Welcome to Naomi Kooker's blog.

At age 6 my mother let me into the kitchen, alone. By seventh grade I was feigning sick to stay home from school, "miraculously" feeling good enough to make baked-stuffed pork chops for dinner. My passion for cooking led me to a job as a sous chef in a Manhattan restaurant and, later, to stand quietly in the corner of (and eventually do one thing in) Restaurant Guy Savoy's kitchen in Paris. I overcame the ultimate cooking challenge when I made butter cream icing over a Bunsen burner at Mount Sinai Hospital in New York City. It was for a friend's wedding cake, the centerpiece at the reception the next day. It was midnight. With just hours to go, I managed to whip up the icing, then carefully place the last few candied violets onto the cake before the reception. Oh, how grateful I was for that Bunsen burner and the corner bodega that was open 24 hours.

It all worked out in the end. It always does.

Food, cooking and eating are inextricably linked to life.
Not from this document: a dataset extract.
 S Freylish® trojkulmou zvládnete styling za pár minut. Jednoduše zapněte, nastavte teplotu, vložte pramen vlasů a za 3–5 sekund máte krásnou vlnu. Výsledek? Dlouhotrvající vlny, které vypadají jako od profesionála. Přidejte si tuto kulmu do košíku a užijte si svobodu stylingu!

Life is better when good food is involved, and even better when good company is part of the eating.

Thank you for stopping in and being part of a growing dinner party of readers.

Saturday, February 4, 2012

Simon's Swans...And Other Latte Art

Coffee in Cambridge, Mass. is like chocolate in Paris, France—you got to go for it while you’re there because it’s the right thing to drink/eat. It’s like going to the moon and not meeting the man or going to Fenway and not using the restroom.

It took me a while to get to Simon's Coffee Shop but now I’m hooked and it’s not just because of the caffeine. These are serious coffee people. They buy their coffee from Barismo, a small-batch coffee roaster in Arlington started by former Simon’s baristas. (I love that about Boston. Toss a penny in the Swan Boat Public Garden pond and it doesn’t sink to the bottom—it’s too shallow—it casts off ripples. And not only that, Barismo folks are just about to open dwelltime in Inman Square. Ripple.)

Before adding cream I taste the house coffee, El Bosque (the forest) from Guatemala. It’s balanced, not too acidic, a nice medium roast. My friend calls me over to admire the foam on her latte. “Look!” There’s a swan swirl on top. Think the mark of Zorro or the X in Malcolm X. We think Erick did it, or it could be Jay.

Simon’s is narrow. The coffee bar and counter is on one side, tables and chairs on the other. When we go around 1 p.m. on a Saturday all the seats are taken. There’s a woman with her open laptop, and a man who appears to be waiting for someone or something. Nifty photos hang on the burnt-orange walls.

Jason Rayner (a barista) tells me they all practice “latte art”—swans, rosettes. “All of us can do ‘em,” he says, crediting David Schomer in Seattle, Wash. for starting latte art.

I’m taken with the swan. “Do you do skulls?” I ask the guy with tattoos, feeling self-conscious. “I’ve seen them done,” he says politely.

We take our coffees and leave for chez friend.